PROBLEM: The answer should hold only the lines from the beginning of the listing below to the line containing "如果上述兩個修復不起作用,您", both included, with every picture left out.

INFORMATION SUPPLIED:
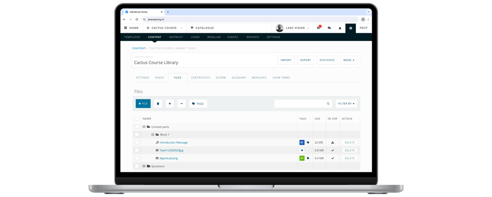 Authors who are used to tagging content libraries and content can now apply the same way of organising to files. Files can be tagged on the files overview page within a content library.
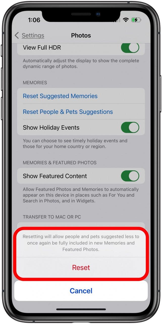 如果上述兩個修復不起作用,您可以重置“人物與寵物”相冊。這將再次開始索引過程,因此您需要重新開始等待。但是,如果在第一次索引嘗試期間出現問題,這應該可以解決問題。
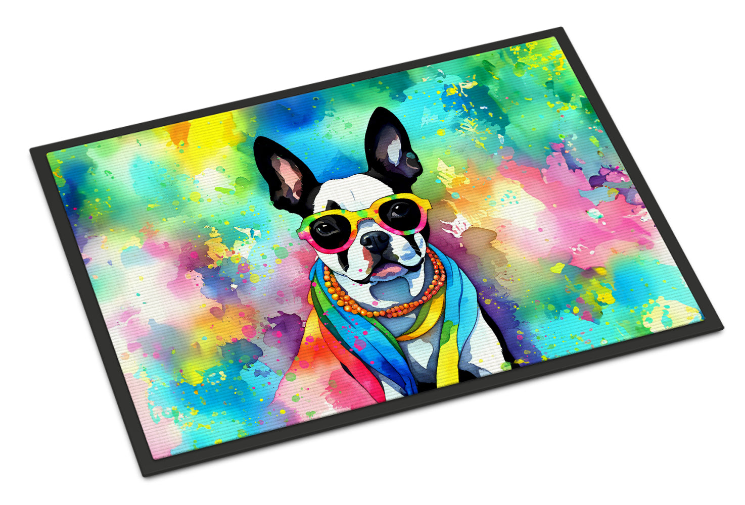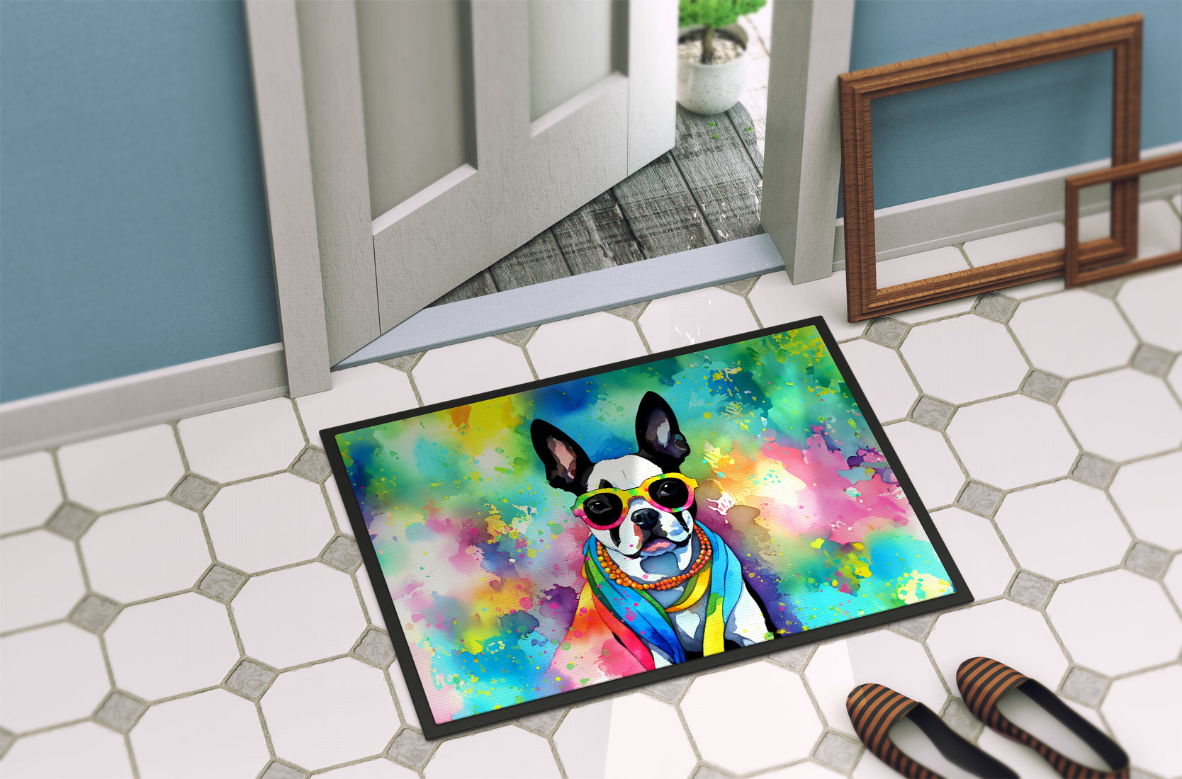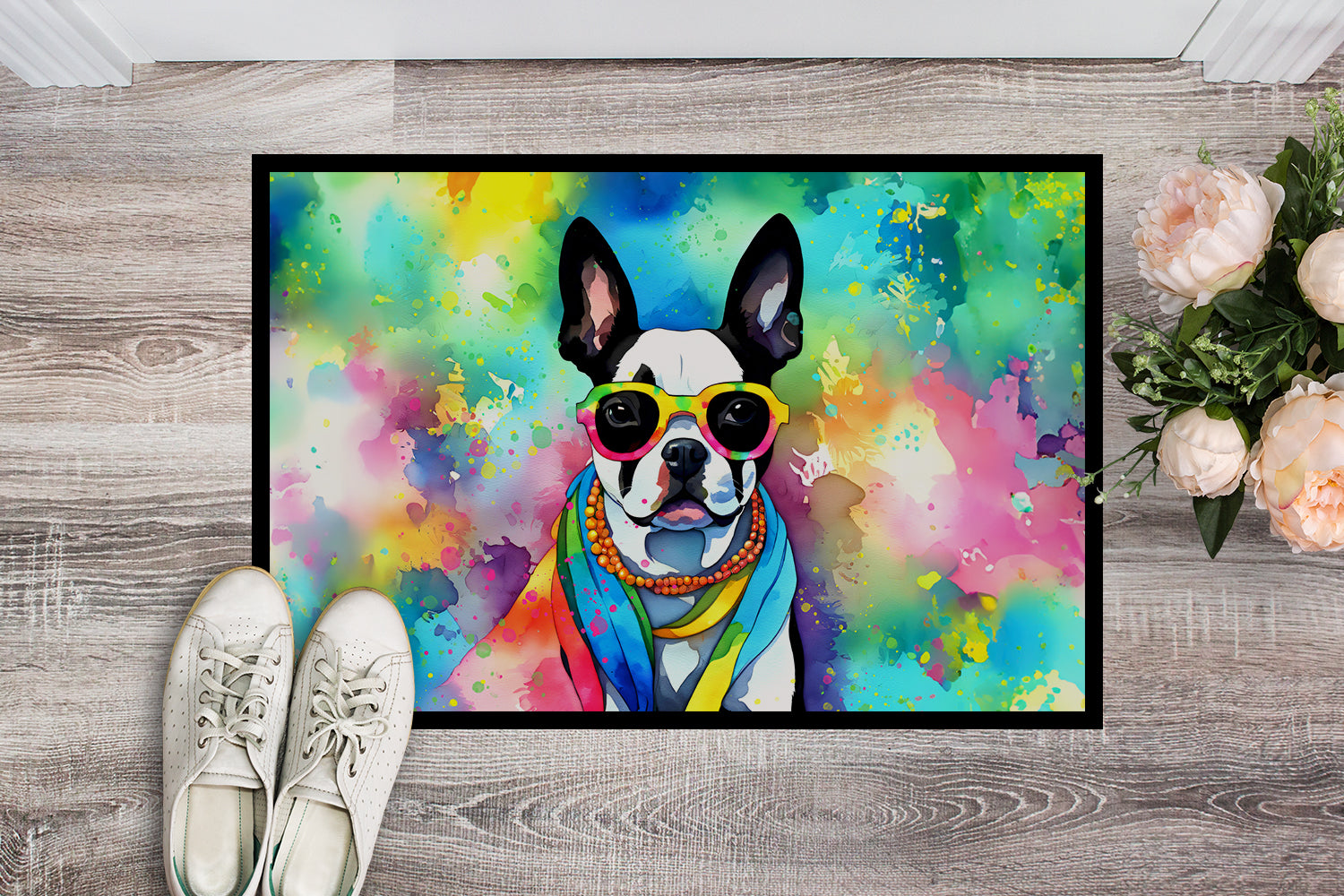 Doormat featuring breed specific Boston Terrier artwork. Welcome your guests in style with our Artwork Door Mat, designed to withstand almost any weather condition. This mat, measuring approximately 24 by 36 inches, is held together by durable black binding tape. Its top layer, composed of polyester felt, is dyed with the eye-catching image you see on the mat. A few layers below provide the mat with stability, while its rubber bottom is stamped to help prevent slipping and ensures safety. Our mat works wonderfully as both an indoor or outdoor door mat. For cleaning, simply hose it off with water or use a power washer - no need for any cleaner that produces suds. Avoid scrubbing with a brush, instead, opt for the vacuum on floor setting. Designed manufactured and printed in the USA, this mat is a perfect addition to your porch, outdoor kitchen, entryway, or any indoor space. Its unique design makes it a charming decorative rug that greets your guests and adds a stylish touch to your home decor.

SOLUTION:
 Authors who are used to tagging content libraries and content can now apply the same way of organising to files. Files can be tagged on the files overview page within a content library.
 如果上述兩個修復不起作用,您可以重置“人物與寵物”相冊。這將再次開始索引過程,因此您需要重新開始等待。但是,如果在第一次索引嘗試期間出現問題,這應該可以解決問題。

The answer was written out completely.